Researching Census Records

Census records are another good source of information for genealogists. However, I’ve observed that ages are often the census taker’s guess rather than accurate fact. I suppose it wasn’t polite to ask ladies their ages, so a woman may be 50 in the 1861 census and 55 in the 1871 census.

But family listings can yield precious data. For example, Gr-gr-grandmother Ruth Dobson married Gr-gr-grandfather John Smith, but I can find no marriage records for them. Small town church records were damaged in various ways back in the day and maybe not all marriages were registered.

Making records even harder to obtain: during some of those years in Ontario, a marriage had to be performed by a Church of England Minister to be legal.

When I began searching for RUTH DOBSON, I pulled up the following census record from the 1851 Census of Blenheim Township, Oxford County, Ontario:

John………….Age 51
Ruth……………… 50
And their children:
Mary C……..Age 30
Ruth……………….25
Jonathan D………21
Rebecca…………..18
Robert W…………14
Mary Ann W…….12
Emma………………9
John W…………….7

But was our ancestor Ruth the daughter in this family?

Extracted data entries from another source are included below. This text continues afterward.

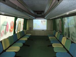 Una vez en el interior del autobús, la proyección de un vídeo sobre la separación y reciclaje de residuos y una pequeña lectura de un relato por los monitores de la campaña es la tarjeta de visita de APRENDE A RECICLAR! con el fin de fomentar el reciclaje y motivar a los niños a no abandonar residuos fuera de los contenedores específicos para ello.
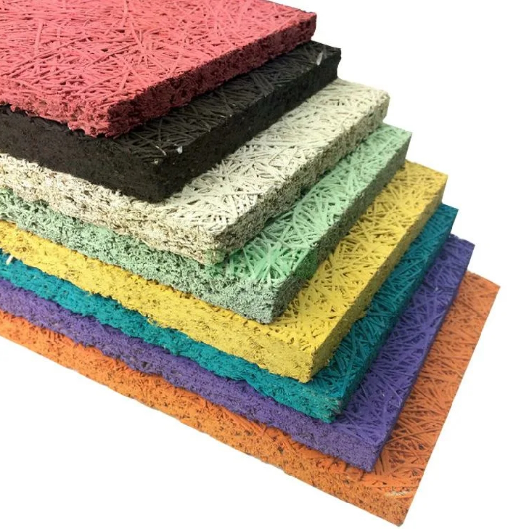 Акустические панели изначально не имеют яркого цвета, поскольку имеют базовый белый цемент. Потом их окрашивают при помощи напыления акриловыми красителями. Край материала может быть прямым или иметь фаску. Поверхность неравномерная.
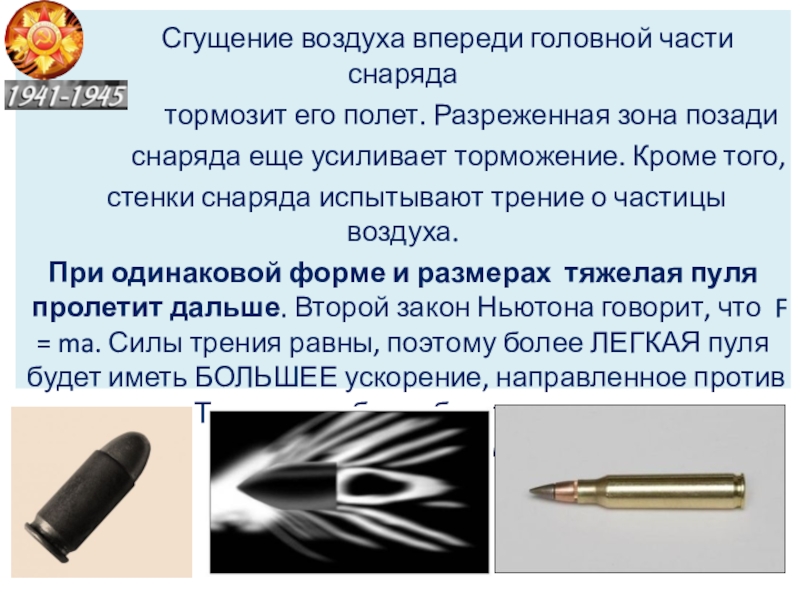 Сгущение воздуха впереди головной части снаряда тормозит его полет. Разреженная зона позади снаряда засасывает снаряд и еще усиливает торможение. Кроме того, стенки снаряда испытывают трение о частицы воздуха. Сопротивление воздуха резко возрастает, когда скорость снаряда приближается к скорости звука 332 м/с, снаряды многих орудий летят быстрее звука. Снаряд при этом сильно тормозится и быстро теряет свою скорость.
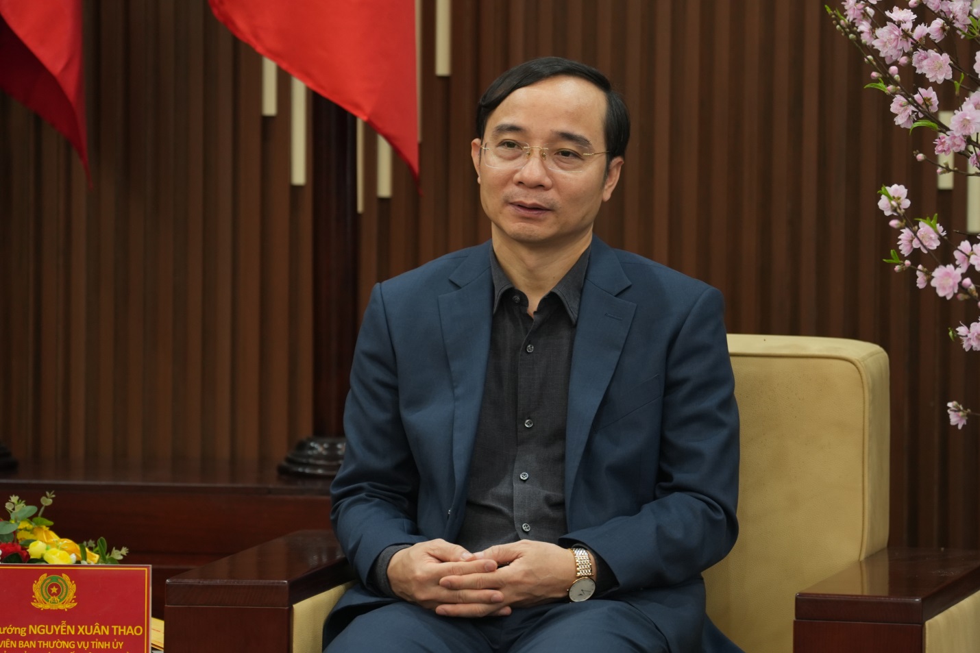 Thiếu tướng Nguyễn Xuân Thao chân thành cảm ơn tình cảm và sự quan tâm của Ban Trị sự GHPGVN tỉnh Hà Tĩnh; ghi nhận sự đồng hành, đóng góp tích cực của Tăng Ni, Phật tử trong công tác giữ gìn ổn định xã hội, xây dựng nếp sống văn hóa lành mạnh. Đồng thời, ông bày tỏ mong muốn Phật giáo tỉnh tiếp tục phối hợp chặt chẽ với lực lượng Công an trong thời gian tới, cùng chung tay vì mục tiêu an dân – ổn định – phát triển.

Ah! I find a clue in the John Smith family list in the 1861 census of Grey, Huron County:

John…………….Age 35
Ruth…………………..33
Mary……………………5
William………………..4
Amos…………………..1
W Dobson………….21
Emma Dobson……17

What would W (initials smudged 😦 ) and Emma be doing staying with Ruth and John if they weren’t family? So I’ve concluded that our Ruth is indeed the daughter listed in the John Dobson family above.

Further clues: Later John & Ruth are listed in the 1871 Census of Grey, Huron County, Ontario, with Emma: 27 and (very likely her daughter) Margaret age 10. John Wesley D must have settled there as well, as his son was born at Molesworth, Grey Township, Huron County – just like our Grandfather Allen Vance and his brother Will.

I herd from a very elderly Smith relative that one of the Dobson sons – John W ? – became a well known preacher in the Methodist Church.

And now for an interesting “relative of a relative of a relative” connection:
According to Wikki, William Aberhart, who became the Premier of British Columbia 1935-1943, was born in Kippen, Ontario to William and Louisa (née Pepper) Aberhart. William Aberhart Sr. had immigrated to Canada from Germany with his family at the age of seven, while Louisa Pepper was born in Perth County, Ontario.
Louisa’s father, John Pepper, left a widower with seven children in 1857, married Ruth Dobson’s sister Rebecca on Feb 1, 1858. He was 44; she was 24. They had four more children: George, Lucy Elizabeth, Ruth and Anne.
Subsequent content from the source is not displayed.